# Indepedence Mo. Newbie



## ghorn (Nov 30, 2017)

Can anyone tell me somewhere to buy slingshots, bands, ammo and other assorted goodies in the Kansas City MO. aera? Also possible slingshot shooting club in KC. Thanks very much for any suggestions.


----------



## Abenso (Apr 28, 2017)

Simpleshot.com

Sent from my SM-S920L using Tapatalk


----------



## brucered (Dec 30, 2015)

You likely won't find any suppliers of decent frames and ready to shoot supplies locally. Best bet is online and it doesn't get any better than SimpleShot.com

What you can find is supplies to buy and use locally, but that takes some personal investigation, asking around, searching etc. Bands, leather, wood, HDPE, elastics, rubber, ball bearings etc. Everything you need can be purchased and put together by yourself, once you know what to use and shoot.


----------



## treefork (Feb 1, 2010)

Welcome to the forum . Here is another good one . http://www.pocketpredator.com/


----------



## Jolly Roger (Aug 14, 2017)

PocketPredator.com or A+Slingshots supply great ready made bands. eBay also has lots of good deals on bands....if you skip right on past the cheap Chinese crappy bands and tubes. On eBay look for Flatbands or USA Slingshots. Their bands and pouches are great.
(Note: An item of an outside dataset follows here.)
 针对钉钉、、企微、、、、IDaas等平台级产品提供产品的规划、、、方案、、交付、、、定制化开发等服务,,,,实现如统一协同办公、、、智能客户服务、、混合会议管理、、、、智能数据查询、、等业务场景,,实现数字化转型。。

On eBay you can also find Warrior who sells both pouches and band materials.


----------



## KawKan (May 11, 2013)

Welcome to the forum, neighbor!

I know of NO slingshot vendors in the KCMO area, other than the big box outlets (Walmart, Dick's, etc. - if you are interested in Daisy, Barnett, Saunders style equipment).

I get my slingshots and supplies online, or via trades with forum members.
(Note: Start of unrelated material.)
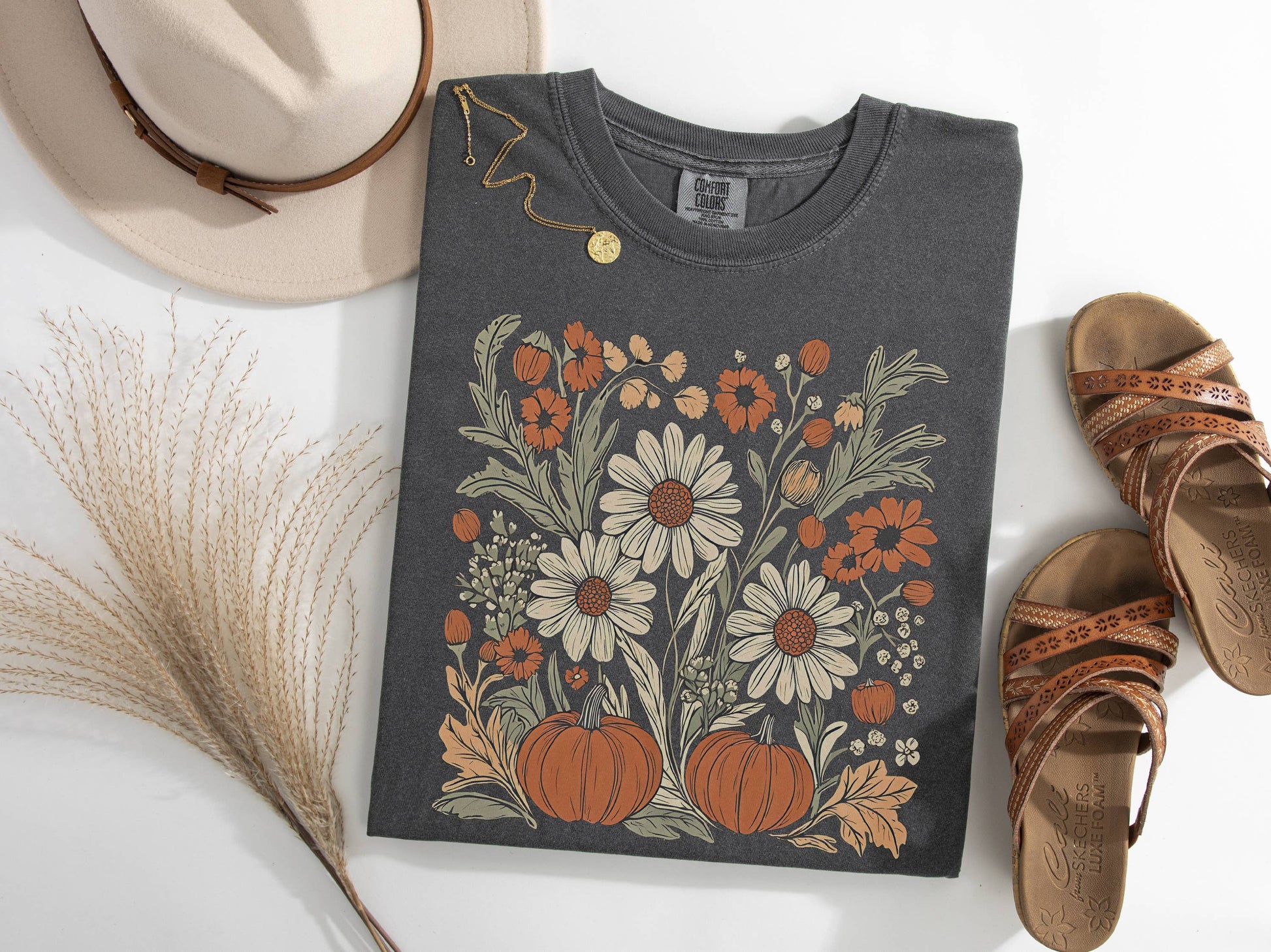 Celebrate fall in style with our Harvest Pumpkin Graphic Tee, featuring a charming pumpkin surrounded by wildflowers. Printed on a Comfort Colors pepper tee, this shirt is crafted from 100% ring-spun cotton and garment-dyed for that perfectly lived-in feel.

If you get over to Lawrence from time to time, I might be able to set you up with a trial set-up.


----------



## Ibojoe (Mar 13, 2016)

I think that Fred45 lives around there. Simple Shot is a great place to get yourself set up. The site is easy to navigate. They have descriptions of everything for new people. Fast shipping and are very dependable


----------



## VAshooter (Feb 10, 2015)

Welcome to the forum. I'm sure if you follow the advice given earlier in this thread you will get everything you need and possibly meet some nice people in the process.


----------